# Problem
Range to copy from the entries below: the line containing "Ich liebe die" through the line containing "15 Mart 1942", inclusive. Retype only those lines, exactly, without any images.

# Records supplied
- - - - - - -
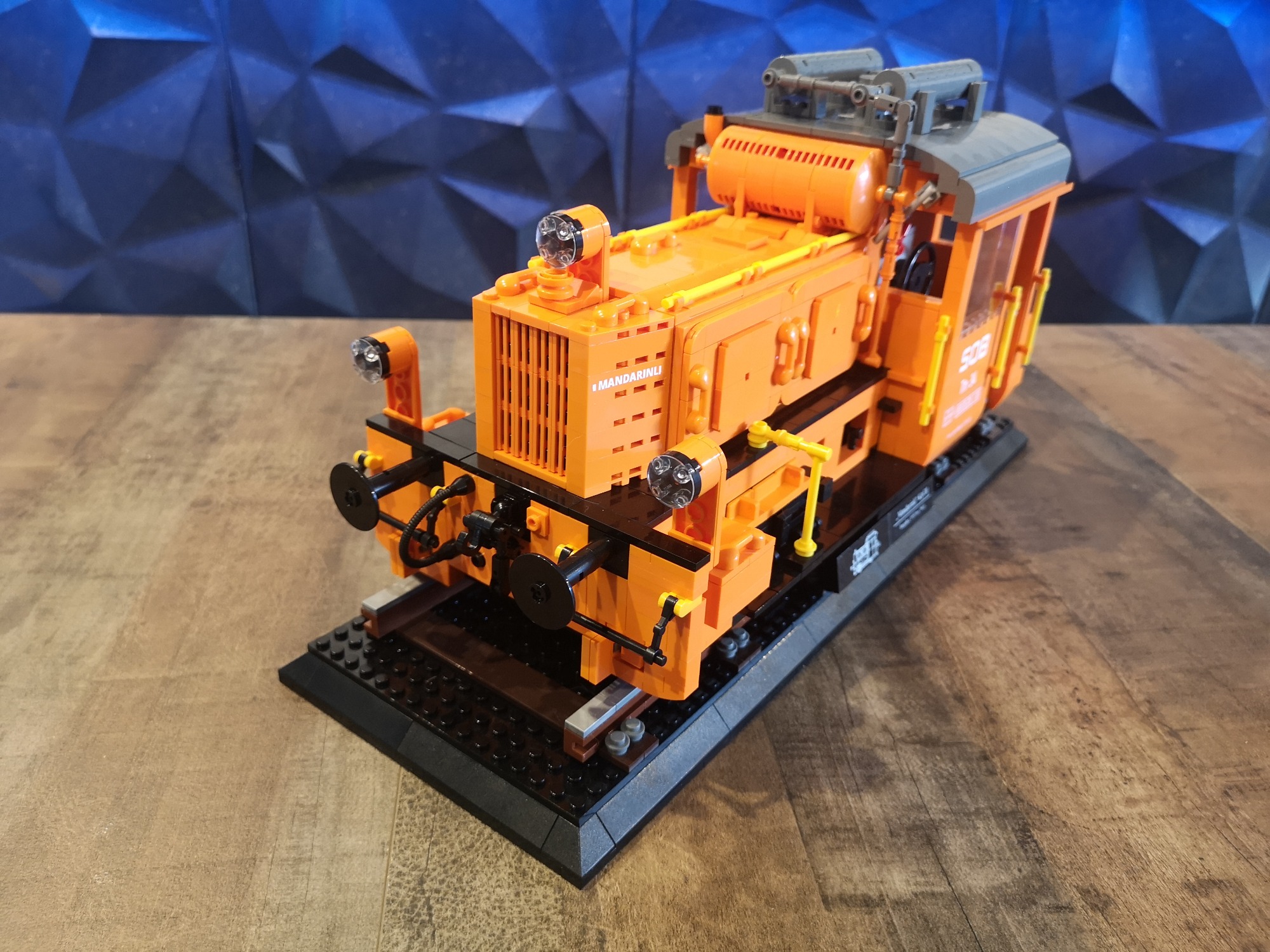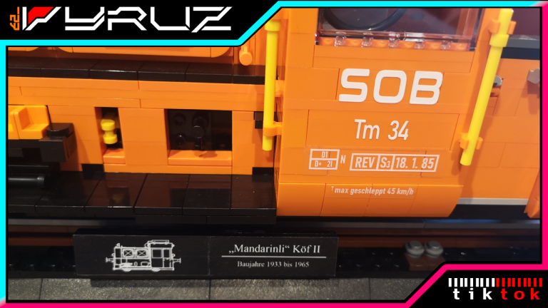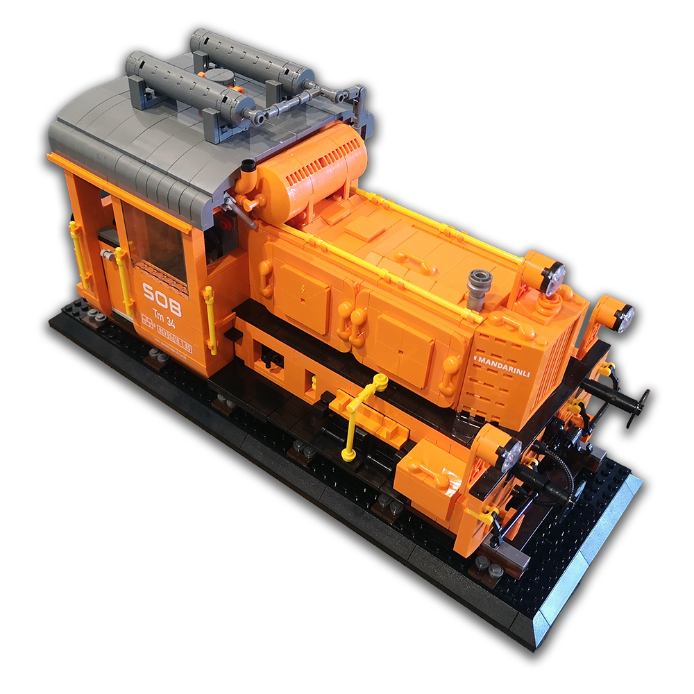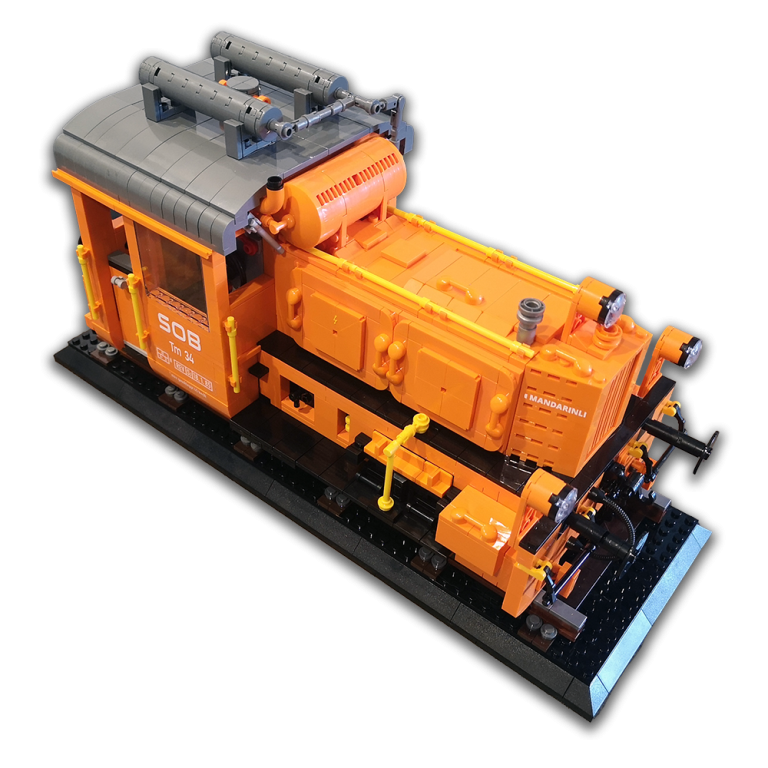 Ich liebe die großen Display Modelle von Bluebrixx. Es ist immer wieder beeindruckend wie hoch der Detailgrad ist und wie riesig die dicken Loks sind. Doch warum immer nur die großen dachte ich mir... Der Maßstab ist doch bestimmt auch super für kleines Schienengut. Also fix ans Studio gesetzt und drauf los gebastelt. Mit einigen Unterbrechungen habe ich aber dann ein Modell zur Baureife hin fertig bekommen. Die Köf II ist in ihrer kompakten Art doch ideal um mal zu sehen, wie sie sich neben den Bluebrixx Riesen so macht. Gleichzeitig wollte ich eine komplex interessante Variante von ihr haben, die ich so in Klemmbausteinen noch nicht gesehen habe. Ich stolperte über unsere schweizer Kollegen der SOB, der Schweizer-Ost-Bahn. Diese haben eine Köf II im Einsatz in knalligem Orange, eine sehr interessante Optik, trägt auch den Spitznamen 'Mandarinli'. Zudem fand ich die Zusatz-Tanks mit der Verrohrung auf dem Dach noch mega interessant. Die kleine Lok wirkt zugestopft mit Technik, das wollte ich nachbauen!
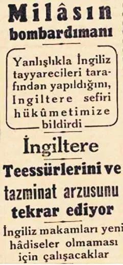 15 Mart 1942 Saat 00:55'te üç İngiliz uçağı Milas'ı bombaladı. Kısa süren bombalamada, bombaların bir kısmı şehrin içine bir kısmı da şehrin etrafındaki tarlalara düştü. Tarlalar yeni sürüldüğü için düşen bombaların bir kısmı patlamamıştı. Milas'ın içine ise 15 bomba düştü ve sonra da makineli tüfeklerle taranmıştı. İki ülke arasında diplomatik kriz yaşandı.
- - - - - - -
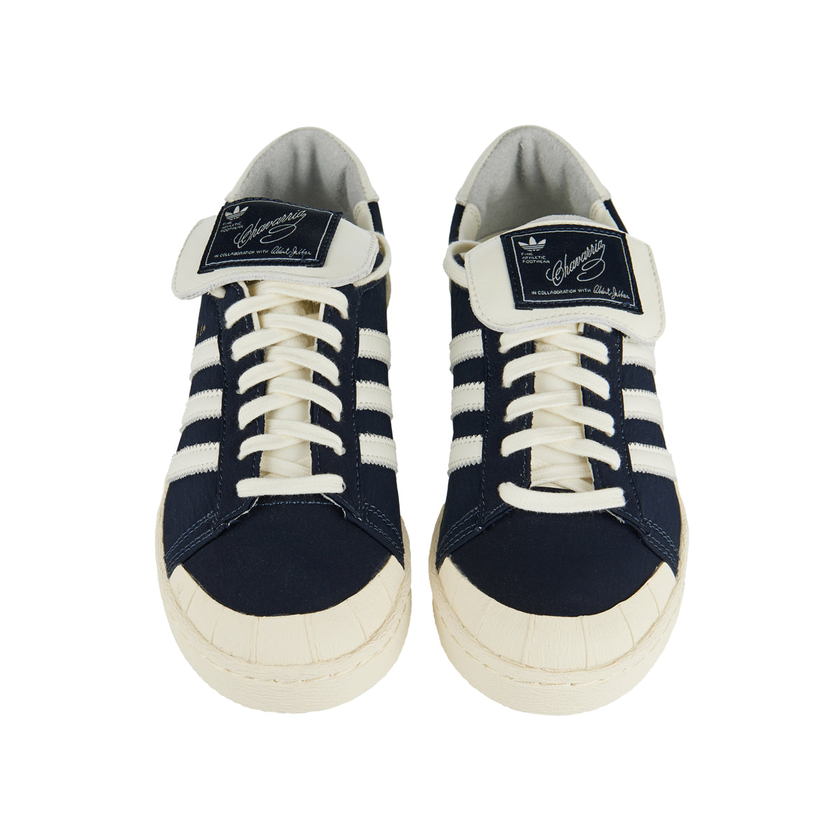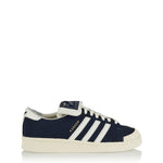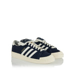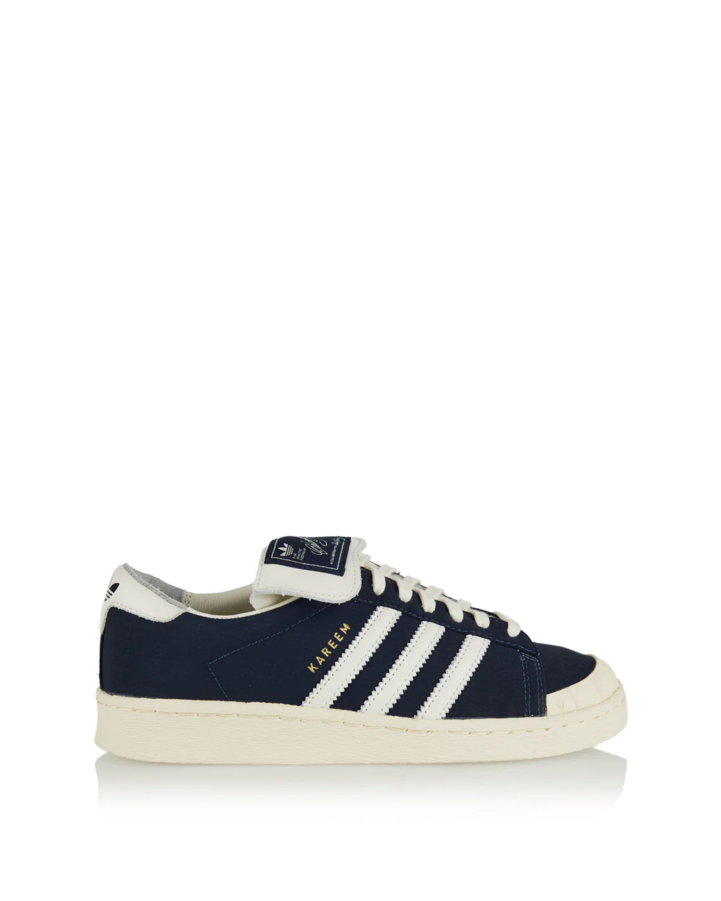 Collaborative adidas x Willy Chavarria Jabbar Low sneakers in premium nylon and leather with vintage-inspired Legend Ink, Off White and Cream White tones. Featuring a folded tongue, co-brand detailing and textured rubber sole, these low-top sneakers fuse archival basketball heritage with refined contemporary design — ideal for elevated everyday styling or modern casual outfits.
- - - - - - -
# Written solution
 Ich liebe die großen Display Modelle von Bluebrixx. Es ist immer wieder beeindruckend wie hoch der Detailgrad ist und wie riesig die dicken Loks sind. Doch warum immer nur die großen dachte ich mir... Der Maßstab ist doch bestimmt auch super für kleines Schienengut. Also fix ans Studio gesetzt und drauf los gebastelt. Mit einigen Unterbrechungen habe ich aber dann ein Modell zur Baureife hin fertig bekommen. Die Köf II ist in ihrer kompakten Art doch ideal um mal zu sehen, wie sie sich neben den Bluebrixx Riesen so macht. Gleichzeitig wollte ich eine komplex interessante Variante von ihr haben, die ich so in Klemmbausteinen noch nicht gesehen habe. Ich stolperte über unsere schweizer Kollegen der SOB, der Schweizer-Ost-Bahn. Diese haben eine Köf II im Einsatz in knalligem Orange, eine sehr interessante Optik, trägt auch den Spitznamen 'Mandarinli'. Zudem fand ich die Zusatz-Tanks mit der Verrohrung auf dem Dach noch mega interessant. Die kleine Lok wirkt zugestopft mit Technik, das wollte ich nachbauen!
 15 Mart 1942 Saat 00:55'te üç İngiliz uçağı Milas'ı bombaladı. Kısa süren bombalamada, bombaların bir kısmı şehrin içine bir kısmı da şehrin etrafındaki tarlalara düştü. Tarlalar yeni sürüldüğü için düşen bombaların bir kısmı patlamamıştı. Milas'ın içine ise 15 bomba düştü ve sonra da makineli tüfeklerle taranmıştı. İki ülke arasında diplomatik kriz yaşandı.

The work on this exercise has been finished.